Supporters of cognitive theories of psychopathology have countered group (1) type criticisms by appealing to the substantial literature on the ubiquity of, and central role for, maladaptive cognitions in cases of psychological distress (Clark and Beck 1999; Beck 2004). The first versions of cognitive therapy may have been vulnerable to group (2) type critiques. Early CBT theorists such as Beck and Ellis were mainly concerned with establishing a dominant role for thought in depression (in contrast to psychodynamic and behavioral learning models), rather than focusing on the specifics of how this might work. Later versions of the cognitive model have addressed this problem by becoming far more specific as to what meaning-making structures are, how they are structured in the informational processing system, and the roles they play in psychological disturbances (Clark and Beck 1999; Beck 2005). The standard CBT response to group (3) objections is to either challenge the accuracy of meta-analyses (Crits-Christoph 1997; Butler et al. 2006) that purport to show an equivalence of effectiveness across different therapies or to claim that if other forms of therapy work it is only because they are changing cognitions- in effect, other therapies are actually doing a form of CBT (Alford and Beck 1998). According to the latter view, all therapies work by challenging specific cognitions- either directly (as in CBT interventions) or indirectly (as in other non-cognitive, but efficacious, treatments). There is some plausibility to this response. But, importantly, this reply rests on the assumption that there are specific beliefs and automatic thoughts that play a primary role in the production of psychopathological states.

The group (4) objections to the CBT model criticize its (and most of cognitive science’s) assumptions about the representational nature of belief and thought. Representational theories of cognition take beliefs and thoughts to be causally efficacious mental representations of facts, states of affairs, or propositions. Critics of representationalism have argued that CBT confuses individuals’ thought reports (which are represented as having imagistic or linguistic content), with their thoughts (which needn’t have any distinct representational content at all) (McEachrane 2009). Rather than respond directly to type (4) objections, CBT theorists take representationalism to be a foundational assumption of cognitive science and clinical cognitive theory (Clark and Beck 1999). This paper will share CBT’s assumptions about the representational theory of mind.

This paper raises a fifth set of concerns about the cognitive model. The CBT model is based on the assumption that our cognitions have a coherent, logical, and consciously accessible hierarchical structure; the content of all cognitions is based on more general cognitive content. If patients can introspectively identify their automatic thoughts, then the cognitive model predicts that they should be able to identify the more general schemas that ground these thoughts. However, there are serious problems with both the tenability of CBT’s hierarchical model of cognition and its assumptions about the accuracy of the cognitions being identified and challenged in therapy.

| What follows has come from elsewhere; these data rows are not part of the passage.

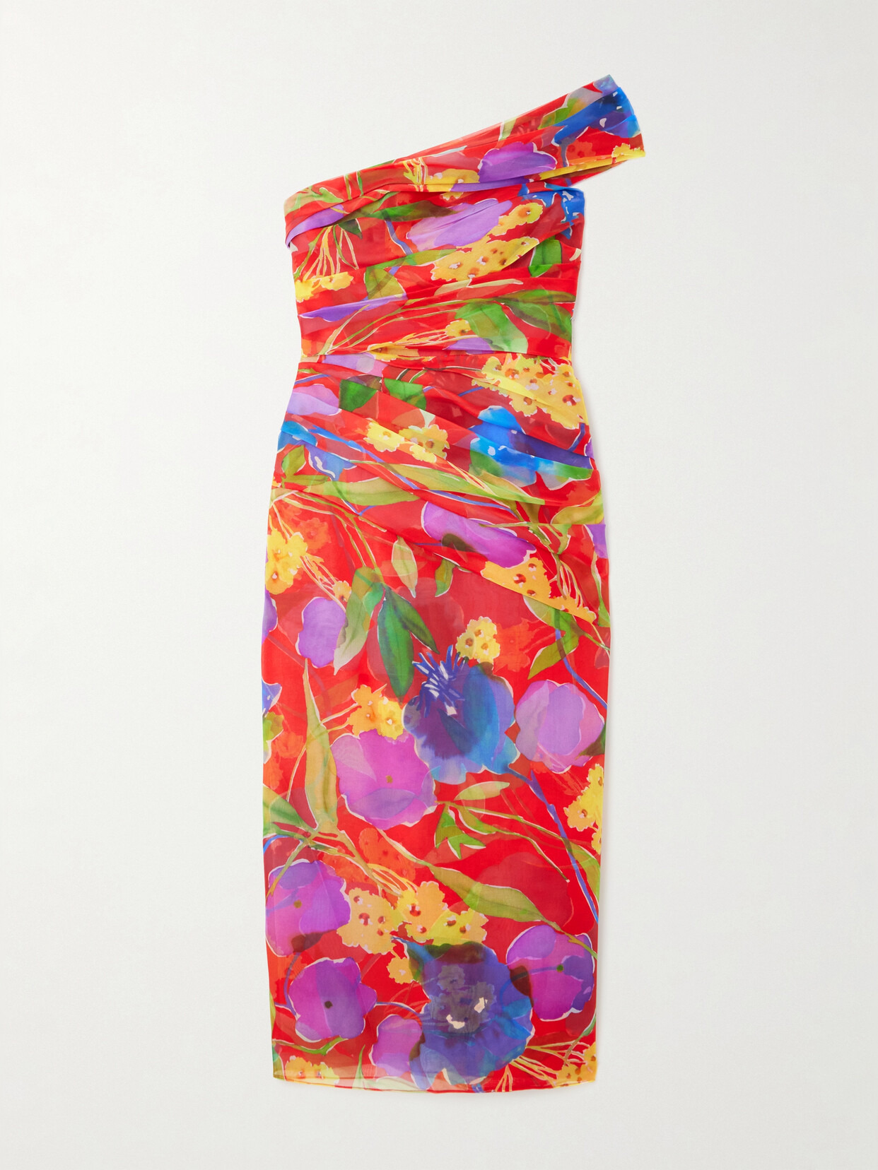 One-shoulder Gathered Floral-print Silk-chiffon Midi Dress
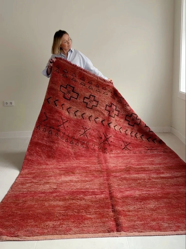 Maca es una alfombra vintage marroquí tejida a mano en lana gruesa, con un espectacular tono rojizo que varía en matices desde el óxido hasta el rubí. Tiene una pátina muy marcada, que hace que el color cambie según la luz y el ángulo de visión. En uno de los extremos, presenta motivos geométricos tradicionales en color oscuro, propios de las tribus del Atlas medio. Los flecos, muy cortos y discretos, están presentes solo en el borde decorado, siguiendo la técnica tradicional.
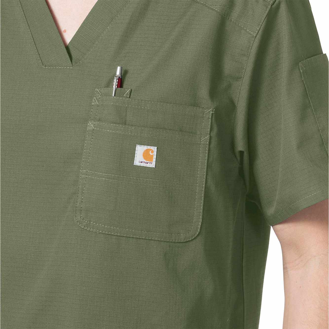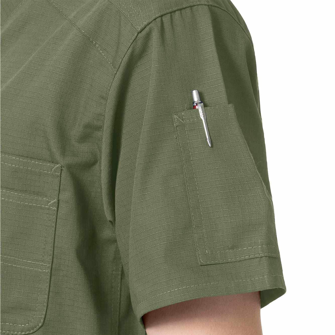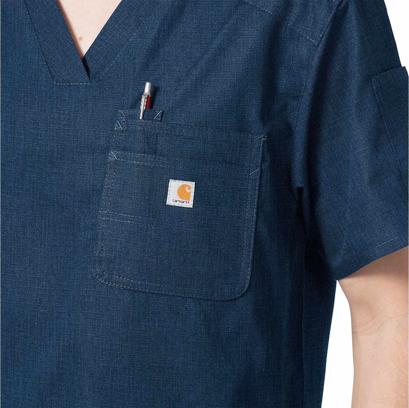 Stay organized throughout your shift in this men's scrub top. A chest pocket complements two front patch pockets to keep everything from your pen to your phone within easy reach. The ripstop cotton-blend build features a back pleat and a split hem for a full range of mobility for reaching, lifting, and bending on the job.
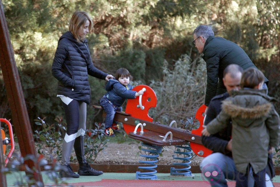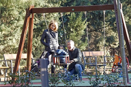 | Đặc biệt cưng chiều đứa cháu nội duy nhất, ông bà Joan và Montserrat vừa cùng chơi bập bênh vừa chọc cho bé Milan cười. Bé Milan, 1 tuổi bụ bẫm, đáng yêu và rất sành điệu ở công viên. |
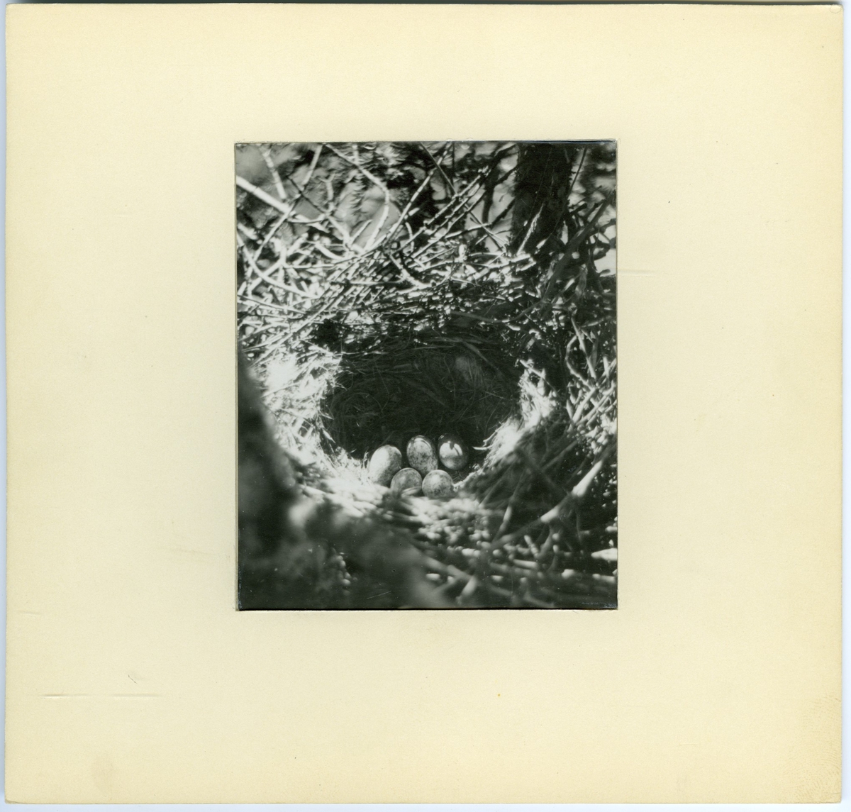 'Bildtext: ''Bo av kråka.'' :: Närbild på bo med 5 ägg av kråka. :: :: Ingår i serie med fotonr. 7083:1-55.'
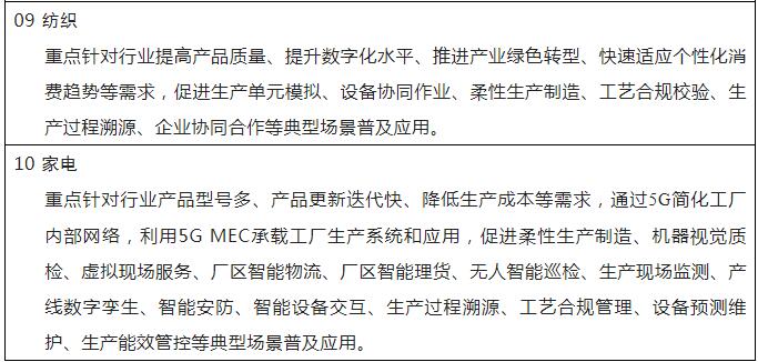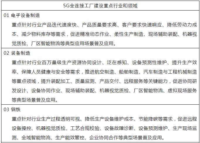 “十四五”時期,主要面向原材料、裝備、消費品、電子等制造業各行業以及采礦、港口、電力等重點行業領域,推動萬家企業開展5G全連接工廠建設,建成1000個分類分級、特色鮮明的工廠,打造100個標桿工廠,推動5G融合應用縱深發展。
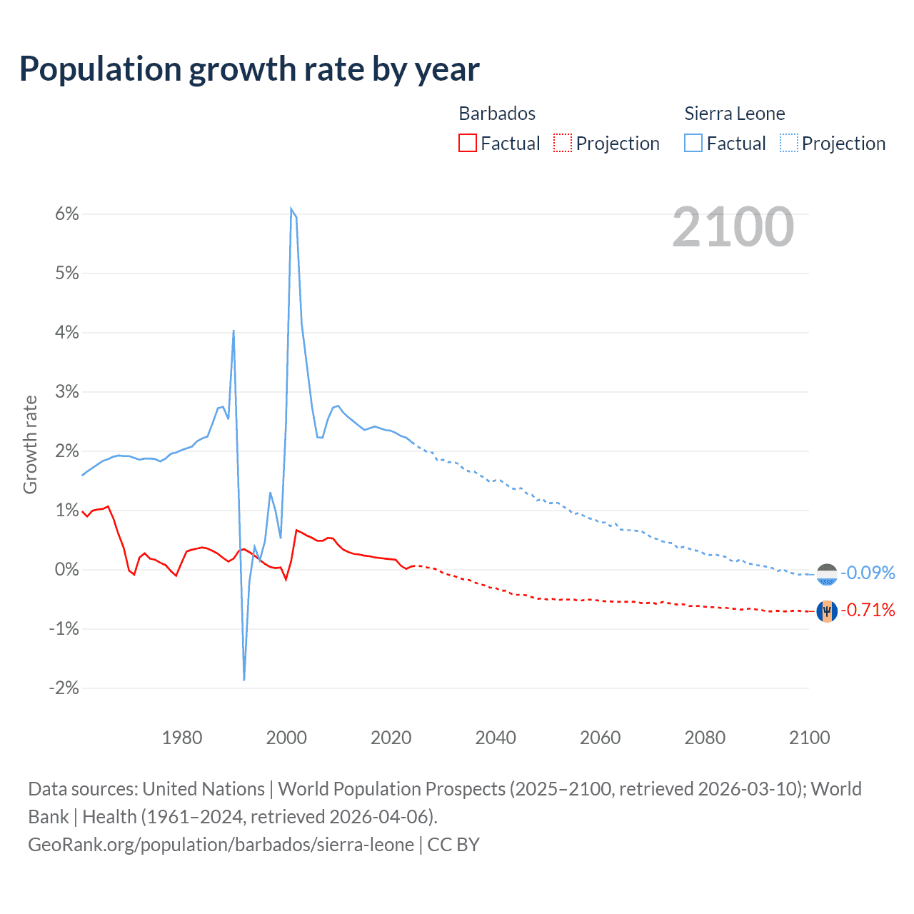 - For the last 10 years, Barbados has had an average growth rate of +0.16% per year vs +2.32% in Sierra Leone.
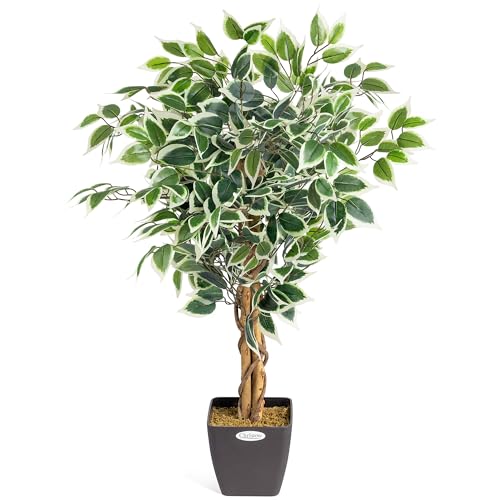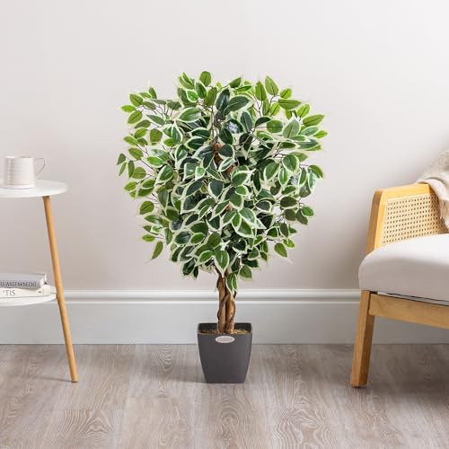 - 3FT VARIEGATED FICUS TREE: Looking to add a splash of natural greenery to your home or office? Look no further than this 3ft (90cm) Artificial Variegated Ficus Tree. Although it looks every bit as beautiful as a real Ficus tree, it requires no sunlight, water, or pruning. So, even if you lack green fingers, there’s no danger of it dying from neglect.
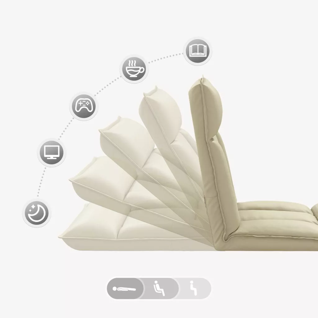 Ez a modern padló szék a kortárs stílust hozza el, akit érdekelnek a változatos ülések otthonaikban. Sleek, trendi megjelenése és kompakt mérete bármilyen helyiségnek modern hangulatot ad. Az állítható háttámla teszi igazán sokoldalúvá, így mindenkinek kényelmet garantál, aki a stílusos, praktikus bútorok kedvelője. Állítható háttámla: A 90-től 180 fokig dőlt háttámlájával a szék maximális kényelmet ad bármihez, mint olvasás, játék vagy tévézés. Az egyszerű mechanizmus révén könnyedén állíthatod, így mindig megtalálod a tökéletes pozíciót. Térspóroló dizájn: Összecsukható felépítése miatt a tárolás egyszerű és hatékony. Ha nem használod, könnyedén összecsukható, így több helyet szabadít fel a nappalidban vagy a hálószobádban. Ez a gondosan megtervezett dizájn ideális kis helyekre, segít rendezetten tartani az otthont, miközben szükség esetén plusz ülőhelyként funkcionál. Minőségi anyag: Műbőrből készült, így luxus és elegancia jár a használatához. Tartós, könnyen tisztítható és stílusos. Ez a felület modern belső terekhez passzol, elegáns hatást kelt, ugyanakkor bírja a mindennapi használatot, minimális karbantartással. Hab kényelem: A magas sűrűségű hab töltet, ami az ülés kényelmét és a támogatást biztosítja. Ez az anyag alkalmazkodik a testformához, elősegítve a helyes testtartást. Rugalmassága pedig garantálja a tartósságot, így ez a szék megbízható kényelem forrása. Sokoldalú használat: Bármilyen környezetbe illik, nappaliba vagy hálószobába, ez a padló szék könnyedén alkalmazkodik a különböző beállításokhoz. Modern dizájnja zökkenőmentesen illeszkedik bármilyen dekorhoz, egyformán támogatva a funkciókat és az esztétikai vonzalmat.
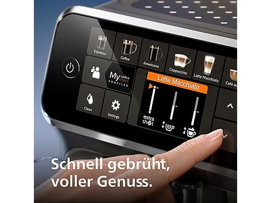 Der PHILIPS EP5447/90 Serie 5400 Kaffeevollautomat verfügt über ein intuitives TFT‑Display, womit du deine Lieblingskaffeespezialitäten einfach auswählen kannst. Mit dem Kaffee Customizer stellst du die Intensität sowie die Kaffee‑ und Milchfüllmenge individuell ein. Zudem bietet der Vollautomat vier Benutzerprofile, sodass du und deine Familie jederzeit eure bevorzugten Einstellungen abrufen könnt. Eine nutzbare Extra‑Shot‑Funktion ermöglicht es dir, den Geschmack des Kaffees zu verstärken.
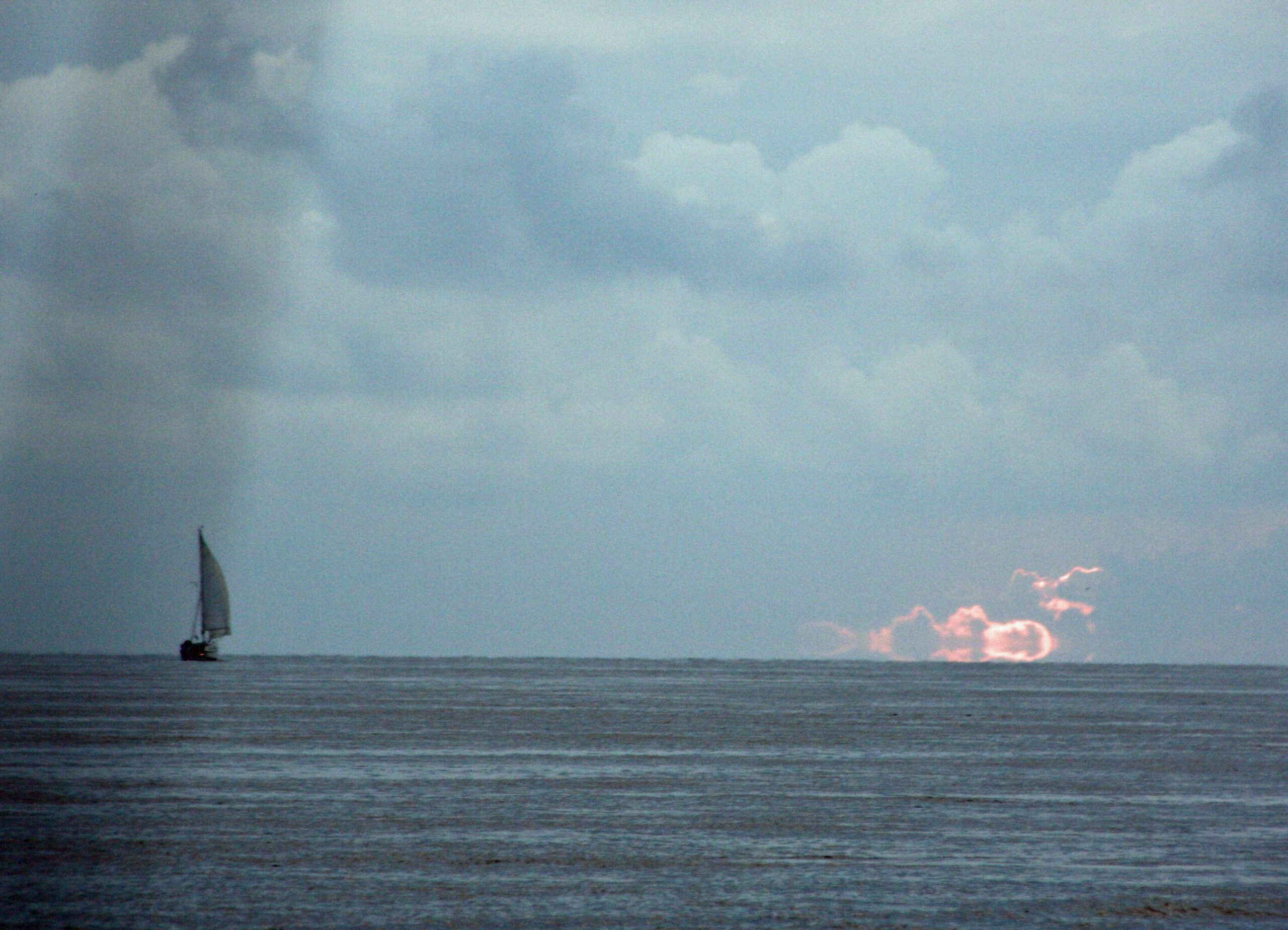 Man kann nur ahnen, wo die Sonne aufgeht, es ist sehr wolkig und es regnet zwischendurch immer wieder mal ein wenig.
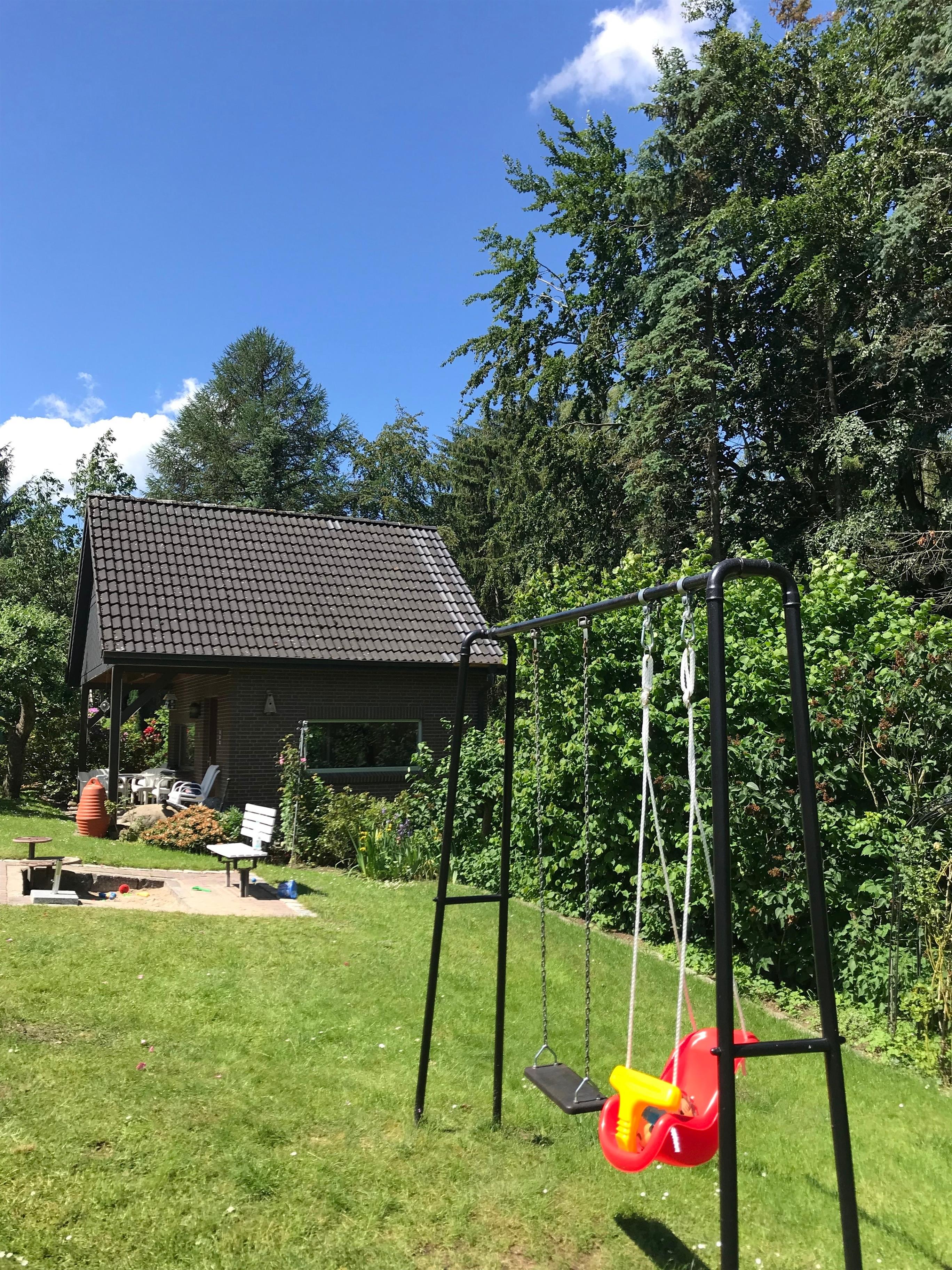 Für unsere kleinen Gäste haben wir eine Sandkiste, eine Schaukel und ein Wipptier - und reichlich Auslauf zum Toben und Spielen auf unserem großen Rasen - sicher eingezäunt und abseits der Strasse.
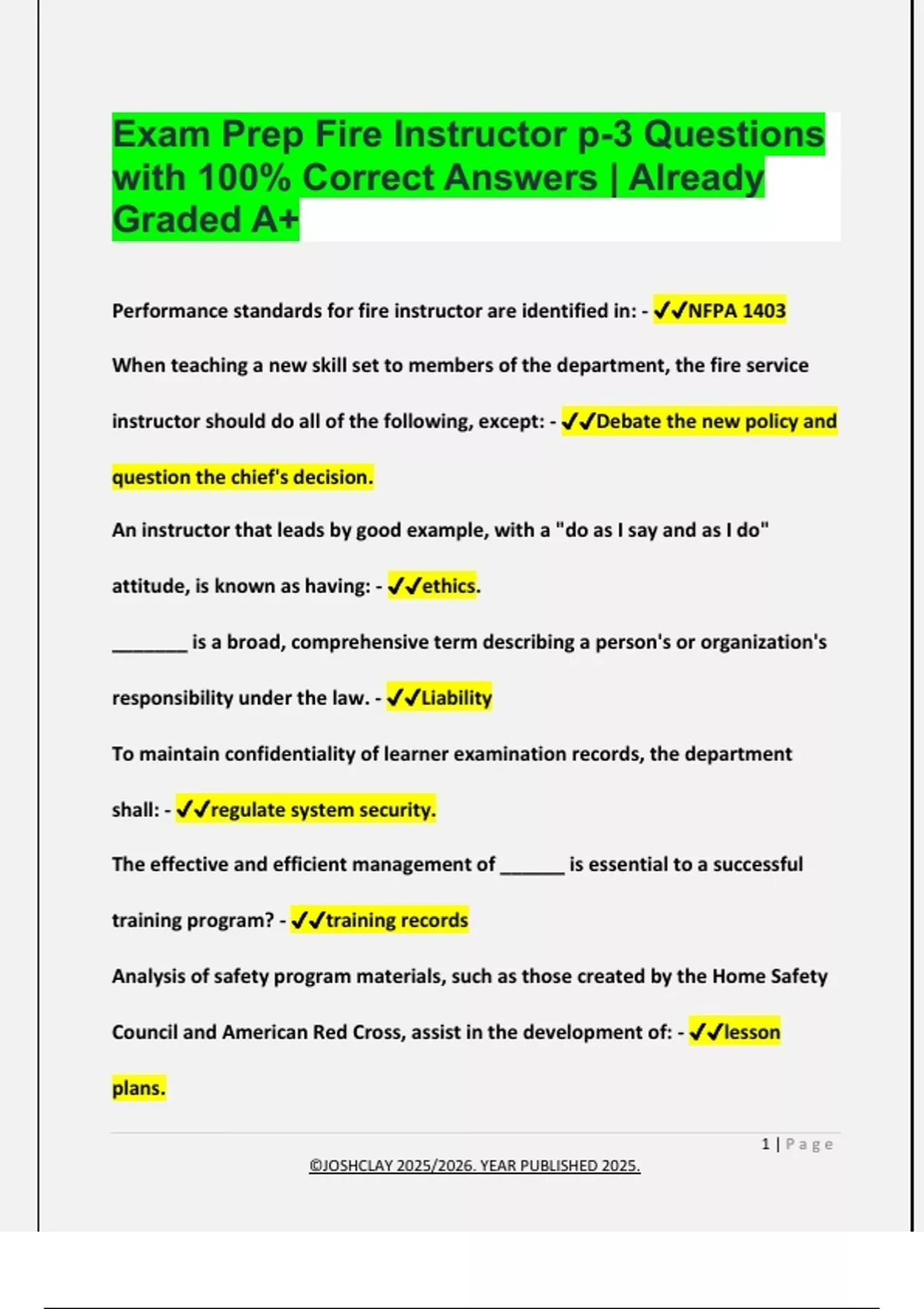 FIRE INSTRUCTOR EXAM PACKAGE DEAL QUESTIONS AND VERIFIED DETAILED ANSWERS | 100% GUARANTEED PASS | ALREADY GRADED A+

4 Thoughts, Beliefs, and Confabulation

4.1 Identifying Cognitions

There is an oddity to the CBT model. According to CBT, our meaning-making information processing systems are posited to be actively creating our reality, unless we are introspecting. CBT is based the idea that all “stimuli that impinge on the organism” are filtered through cognitive schemas that structure and give meaning to experience (Beck 1967). Our informational processing system is supposed to “actively participate in the construction of reality”, and this construction “is not simply an act of representing, copying, or “coding“ fixed objects but rather is a process that involves some degree of creativity” (Clark and Beck 1999). Yet we are supposed to be accurate introspectors of our past thoughts and beliefs. CBT theory adopts a constructivist view of cognition, but a more-or-less realist view of introspection. Our cognitive processes are identified as “meaning-making structures” that can either represent the world in maladaptive or adaptive ways, but at the same time we are supposed to be able to accurately identify the cognitions underlying our behavior rather than simply “making sense” of our emotions and behaviors. This is likely not the case.

CBT assumes that patients have, or can be trained to have, direct and accurate access to the content of their own cognitions (Beck and Dozois 2011). CBT practitioners are supposed to aid patients in identifying their own thoughts and beliefs by engaging in directed Socratic questioning aimed at eliciting deeper cognitive schemas. Practitioners guide patients’ introspection of their core schemas by identifying common themes in the patients’ automatic and intermediate thoughts and directing patients to search for the underlying structure in their thoughts and beliefs. For example J. Beck states, “asking what a thought means to the patient often elicits an intermediate belief; asking what it means about the patient usually uncovers the core belief” (2011). This identification of cognitions often requires work on the part of both the patient and therapist. A critical part of cognitive therapy is to first train patients to recognize, attend to, and record this inner speech or automatic thoughts (Beck 1976, 1979; Beck 2011). Patients often claim to be unaware of having an “internal communication system” or are unused to attending to the content of these thoughts or images (ibid). The training process involves explaining the cognitive model to patients and articulating the logical connection between core beliefs and automatic thoughts and the relation between thoughts and emotions. Beck (1976) states:

The training in the observation and recording of cognitions makes the patient aware of the occurrence of images and self-verbalizations (“stream of thought”). The therapist trains the patient to identify distorted and dysfunctional cognitions. The patient may need to learn to discriminate between his own thoughts and the actual events. He will also need to understand the relationship between his cognitions, his affects, his behaviors, and environmental events. (p. 146)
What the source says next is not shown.